Повести Стрелкина. Медленный поезд
В плацкартном вагоне царит веселая суматоха. Девушка-проводница, веснущатая и курносая, одетая в слегка полинялую форму студенческого отряда с большой эмблемой, силится разжечь титан. Кусочки угольных брикетов на тлеющих и никак не желающих загораться старых билетных картонках рождают только ужасную вонь, сколько бедная проводница на них ни дует. Ее красивая головка от усердия совсем растрепалась, в волосах полно золы, а глаза вот-вот готовы заплакать.
Но уголь как назло только воняет на весь вагон. А тут еще важно прошествовавшая по вагону кондуктор-ревизорша, пышная грудастая дама с двумя звездами на рукаве делает внушение: «Ваше место на посадке. Вы что, первый раз на работе?» А она действительно первый раз. И хочет, чтобы в ее вагоне был чай. Когда же его еще ставить, уже десять вечера? Тронемся - все постели потребуют. Не до чаю будет. Вообще-то в этом поезде чаю и не положено: он не экспресс, не скорый, да и пассажирским-то его по недоразумению назвали - просто нет в реестре железной дороги наименования скромнее, например, «медленный» или «каждому столбу кланяющийся». Не поезд, а непрерывное испытание на прочность нервов проводника. Да тут еще и титан как назло не разгорается...
Пассажиры, видя трудности, героически преодолеваемые хозяйкой вагона, сначала подают советы, а потом, постепенно вовлекаясь в борьбу с титаном, оттесняют ее от аппарата и принимаются разжигать сами. Особенно стараются двое мужчин с ближайших боковых мест, - судя по тому, как они сопровождают свои действия теоретическими рассуждениями – это типичные научные работники. Один, лет под сорок, с начинающим намечаться брюшком и в очках с фальшиво-позолоченной оправой, остается кипятить воду, а второй, помоложе, атлетического телосложения, похожий своей кудлатой головой на цыгана-конокрада, побежал на вокзал за сухими щепками. Принес.
Не прошло и десяти минут, как титан весело затрещал, загудел, пожирая как изголодавшаяся щука рыбную молодь щепки, старый зачитанный «Огонек» с актрисой Мирошниченко на обложке, и остатки угля из ящика.

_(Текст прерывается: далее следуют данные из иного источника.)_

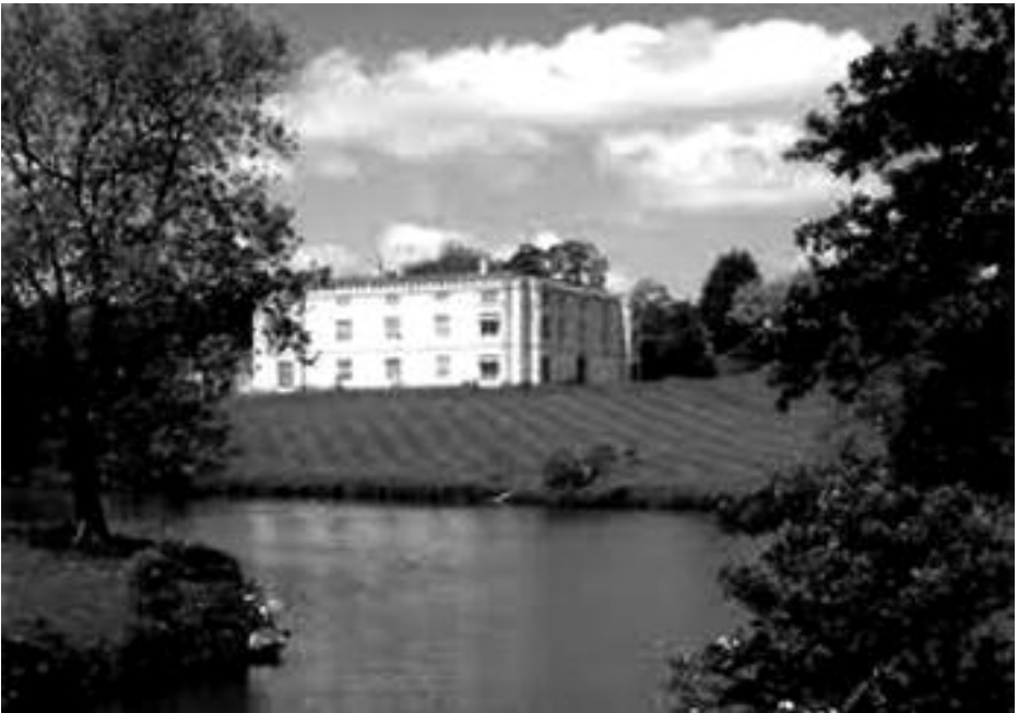
Great Fulford Manor

Great Fulford is a fortified manor house and has apparently been owned by the Fulford family continuously since at least 1190 and as given by Richard the Lion-Heart to a Fulford in recognition of gallant service in the Crusades. The present building was erected in the early 16th Century. It was besieged in the Civil War and shelled by the Parliamentarian forces. In the classrooms there were quite a few paintings, mostly of bosomy women ancestors with massive cleavages. Mainly of the Stuart era I think I fear that some of them may have been despoiled to some extent by boys flicking from
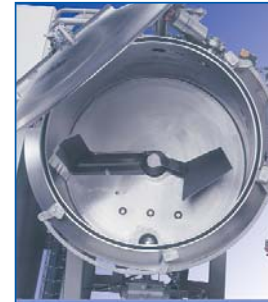
Vessel with mixing arm and steam nozzles
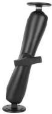
RAM-101U-D RAM MOUNT WITH 2 2 1/2" BASES & D
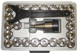
C966 Collet & Chuck Set - 25 Piece
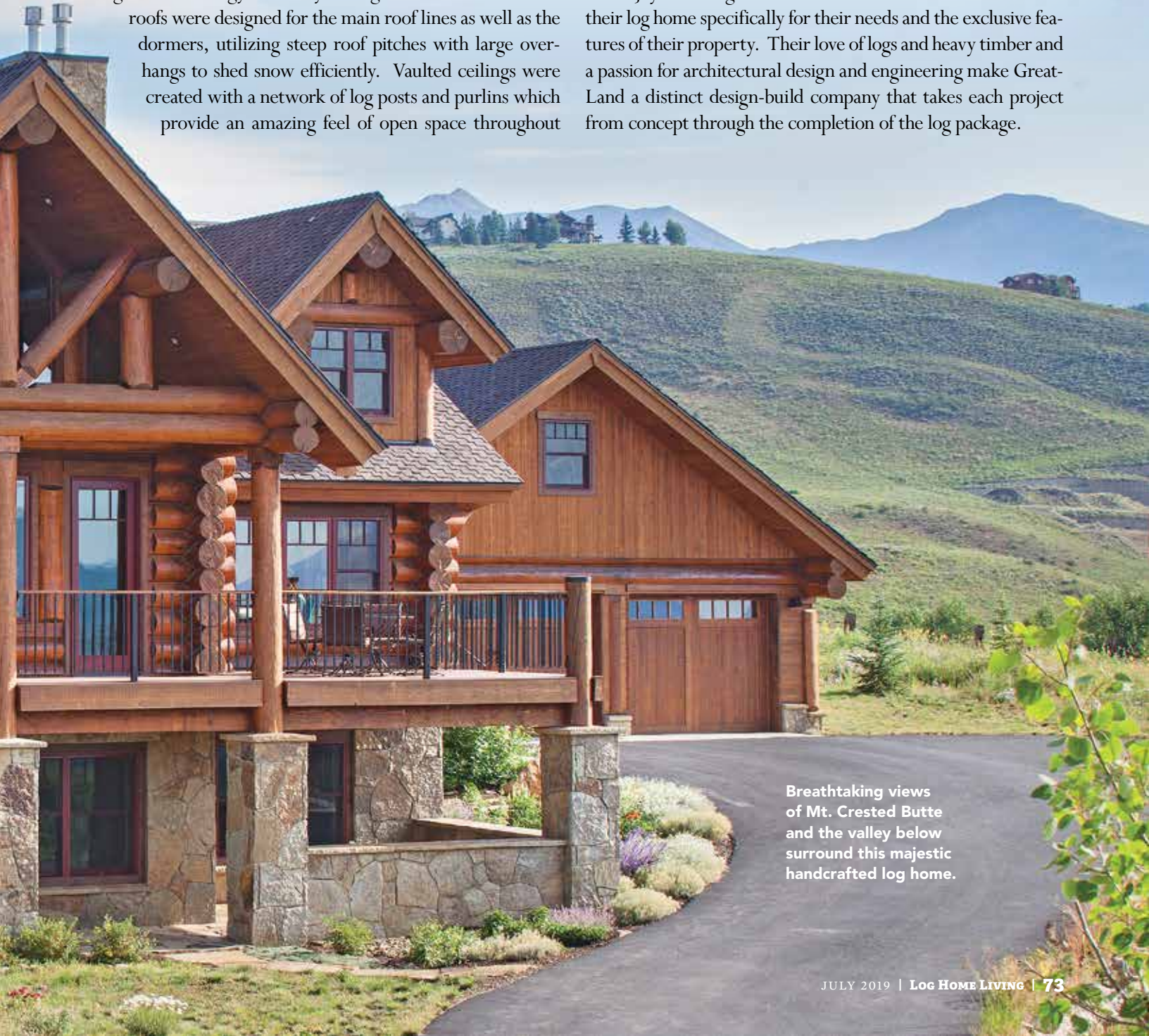
Breathtaking views of Mt. Crested Butte and the valley below surround this majestic handcrafted log home.

GreatLand Log Homes is known nationwide as a premium custom log home builder that specializes in handcrafted, full-scribed log home and dry-in packages. The team at GreatLand Log Homes has spent the last 30 years fine-tuning their craft and enjoys working hand-in-hand with each customer to tailor their log home specifically for their needs and the exclusive features of their property. Their love of logs and heavy timber and a passion for architectural design and engineering make GreatLand a distinct design-build company that takes each project from concept through the completion of the log package.

Подали сигнал к отправлению. Поезд, вздрогнув и загремев сцепками, тронулся, чтобы пройти свои 300 км. за рекордное время - девять с половиной часов, дабы ненадолго связать три старинных русских города, привольно и вальяжно расположившихся у берегов великой Волги.
Вот когда все вспомнили с благодарностью и девушку-проводницу, и двух мужиков, ее добровольных помощников. Пассажиры дружно принялись за чаепитие.
Тот же импозантный мужчина, похожий на цыгана, наливает чай, и, сверкая глазами, с прибаутками раздает стаканы. Раздетый по пояс, загорелый до черноты, он играет своими красивыми тренированными мускулами, которые послушно переливаются упругими волнами по его телу. Он молод, и мысли о неизбежной старости и смерти ему чужды, как ржавчина свежевыкованному плугу. Пусть впереди хоть что будет, а сейчас он спешит жить и наслаждается настоящим.
Праздник отъезда был в самом разгаре, когда из тамбура в вагон взгромоздились две почтенного возраста татарки в расшитых платках и юбках, широких как степи их родины. Протащив свои чемоданы, узлы и узлища мимо титана с чаем, они прошли в первое купе и уселись на боковую скамью. «Дэ туты нашеы пэрвы ы втатый мэсто?», спросила старшая из них. Первое и второе места были, конечно, заняты. На них уже укладывались спать молоденькая женщина с дочкой лет четырех-пяти.
«Это же наши места!», промолвила женщина, глядя на пассажиров и ища у них поддержки. «Нэт, наши. Вот глады былэт!» Билеты действительно были правильные, все как положено.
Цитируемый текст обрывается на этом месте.